Remove duplicate tags with XSLT

Sometimes we need to clean the XML data by removing duplicate tags(elements, or child elements. So, how can we remove? The answer is XSLT. So, how to remove duplicate tags with XSLT from the XML?

So here I’m taking a very simple input XML as a sample.

Input XML:

Click on the download button for sample input 

				
					<?xml version="1.0"?>
<customers>
   <customer id="55000">
      <name>Charter Group</name>
      <address>
         <street>100 Main</street>
         <city>Framingham</city>
         <state>MA</state>
         <zip>01701</zip>
      </address>
      <address>
         <street>720 Prospect</street>
         <city>Framingham</city>
         <state>MA</state>
         <zip>01701</zip>
         <detail>
            <A>akkk</A>
            <A>akkk</A>
            <A>akkk</A>   
         </detail>
      </address>   
      <address>
         <street>120 Ridge</street>
         <state>MA</state>
         <zip>01760</zip>
      </address>
	  <address>
         <street>120 Ridge</street>
         <state>MA</state>
         <zip>01760</zip>
      </address>
   </customer>
</customers>
				
			

Now If we analyze the above XML input, we can see there two places where xml tags are duplicates.

First duplicate tags

The <detail> tag containing multiple ‘A’ tag with same value ‘akkk’, so here distinct tag should be one <A>

				
					<detail>
    <A>akkk</A>
    <A>akkk</A>
    <A>akkk</A>   
</detail>
				
			

Second duplicate tags

The last <address> tag is the exact same as second last <address> tag with same child elements and their values, here these two tags also dupliates. We need only one tag. 

				
					<address>
     <street>120 Ridge</street>
     <state>MA</state>
     <zip>01760</zip>
</address>
 <address>
     <street>120 Ridge</street>
     <state>MA</state>
     <zip>01760</zip>
</address>
				
			

Remove duplicate tags with XSLT

So here I’ve written a very simple XSLT which copies all elements, removes duplicate child elements with the same name and string value within the same parent.

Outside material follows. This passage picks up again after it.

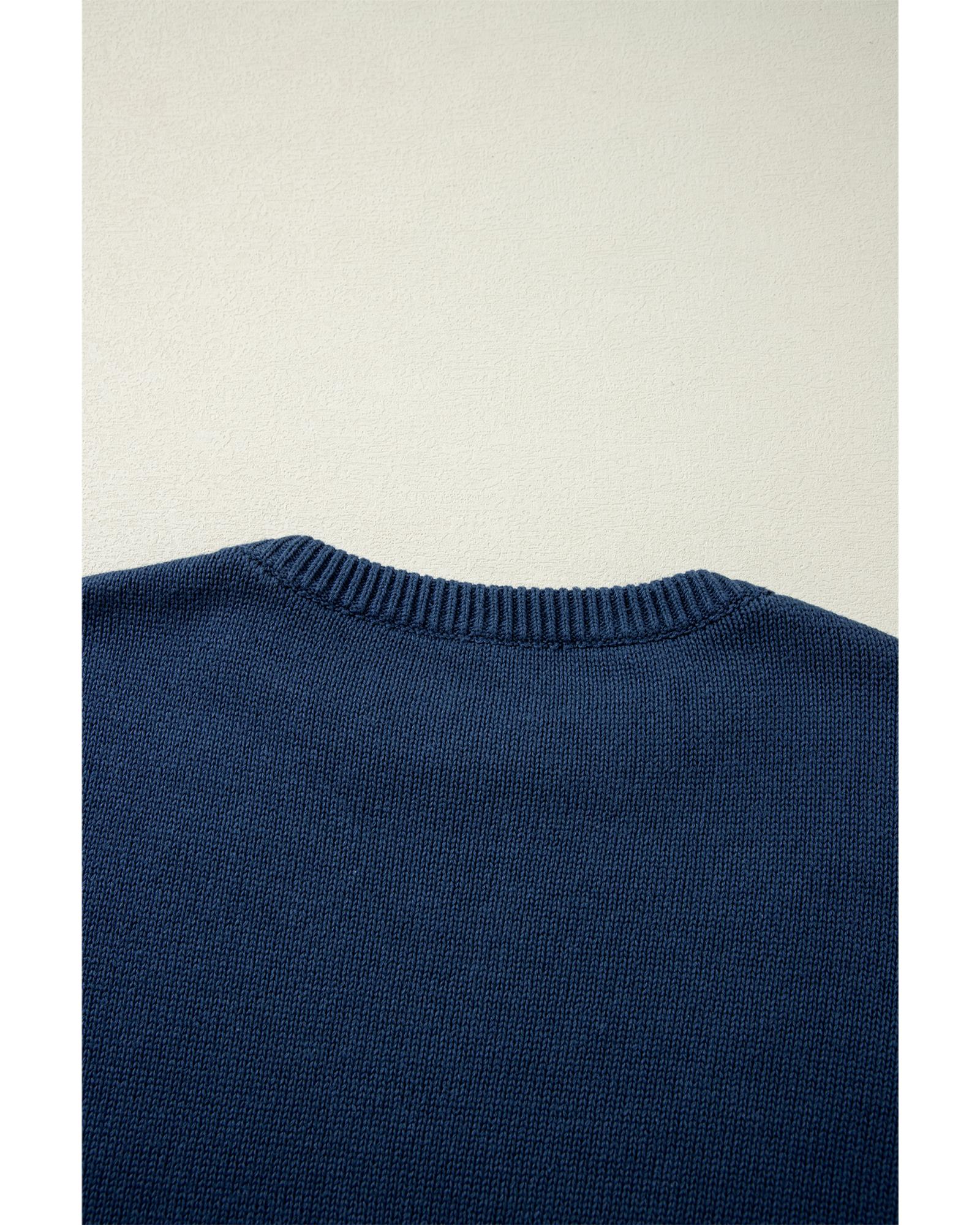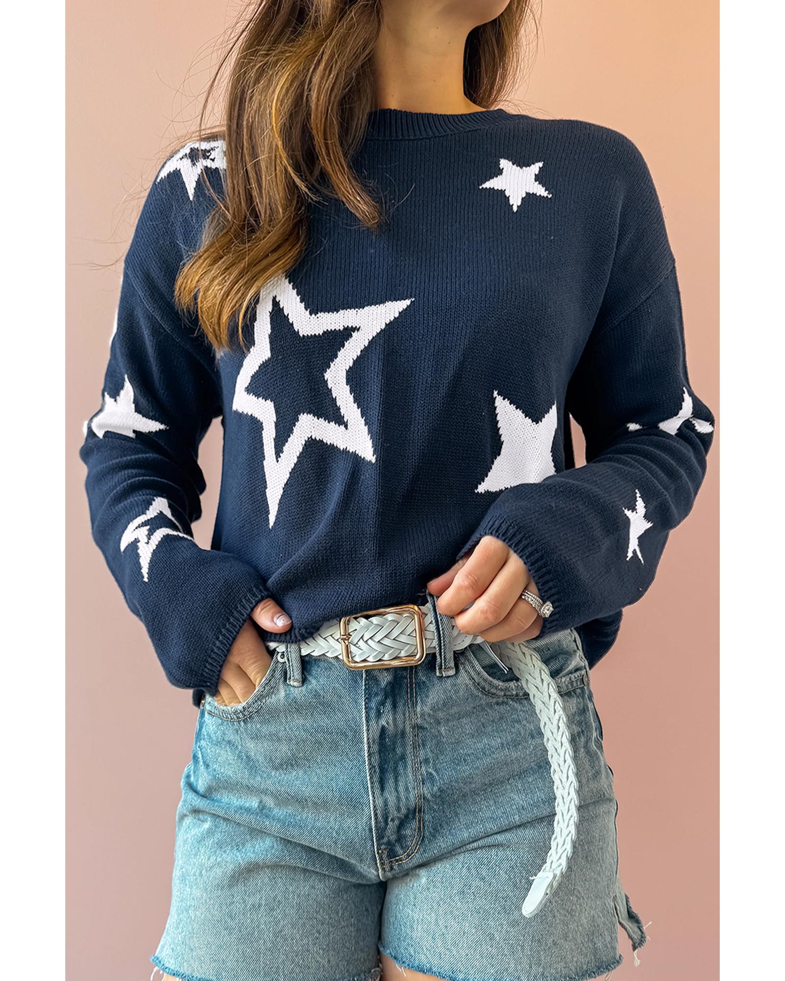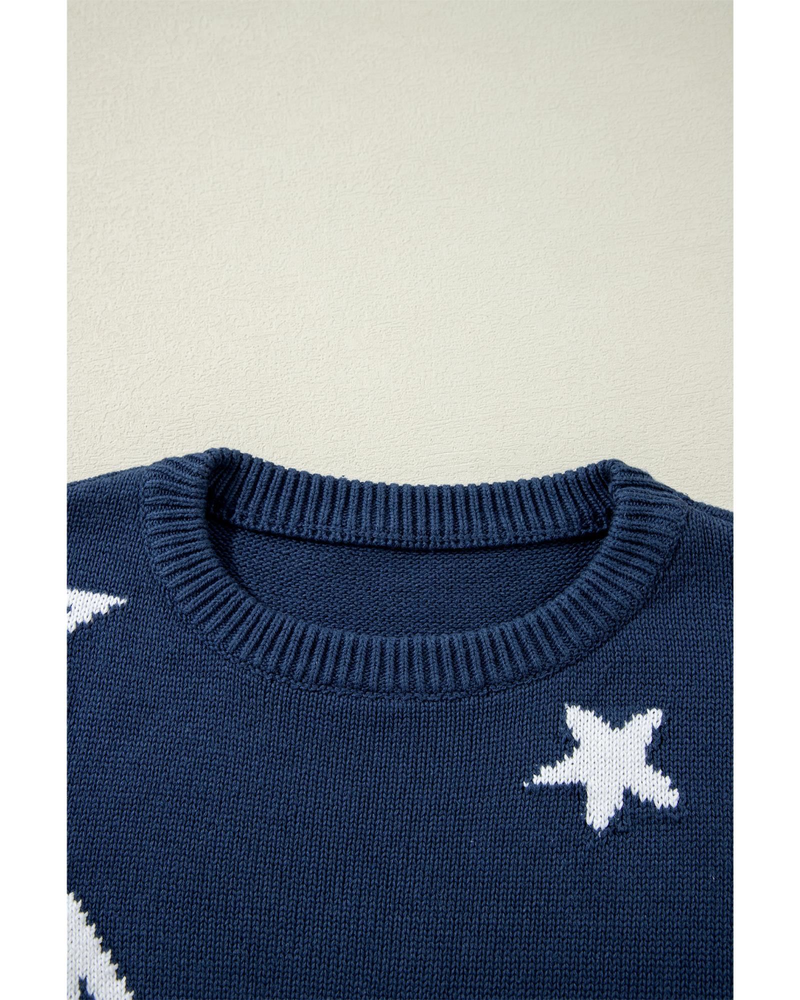 Sail Blue Star Pattern Drop Shoulder Knitted Sweater – XL

Preserves both the tag name and value correctly.

				
					<?xml version="1.0" encoding="UTF-8"?>
<xsl:stylesheet version="2.0"
                xmlns:xsl="http://www.w3.org/1999/XSL/Transform">
  
  <xsl:output method="xml" indent="yes"/>
  <xsl:template match="@* | text() | comment() | processing-instruction()">
    <xsl:copy/>
  </xsl:template>
  
  
  <xsl:template match="*">
    <xsl:copy>
      <xsl:apply-templates select="@*"/>
      <xsl:for-each-group select="*" group-by="name() || '|' || normalize-space(string(.))">
       <xsl:apply-templates select="current-group()[1]"/>
      </xsl:for-each-group>
      <xsl:apply-templates select="text()"/>
    </xsl:copy>
  </xsl:template>
  
</xsl:stylesheet>

				
			

So If we run above XSLT with above input, it will generate below the input as mentioned.  

				
					<?xml version="1.0" encoding="UTF-8"?>
<customers>
   <customer id="55000">
      <name>Charter Group</name>
      <address>
         <street>100 Main</street>
         <city>Framingham</city>
         <state>MA</state>
         <zip>01701</zip>
      </address>
      <address>
         <street>720 Prospect</street>
         <city>Framingham</city>
         <state>MA</state>
         <zip>01701</zip>
         <detail>
            <A>akkk</A>
         </detail>
      </address>
      <address>
         <street>120 Ridge</street>
         <state>MA</state>
         <zip>01760</zip>
         <detail>
            <A>akkk</A>
         </detail>
      </address>
      <address>
         <street>120 Ridge</street>
         <state>MA</state>
         <zip>01760</zip>
      </address>
   </customer>
</customers>

				
			

Now, if we analyse the above-generated output by the XSLT, we can see that all duplicate tags, either child, have been removed properly.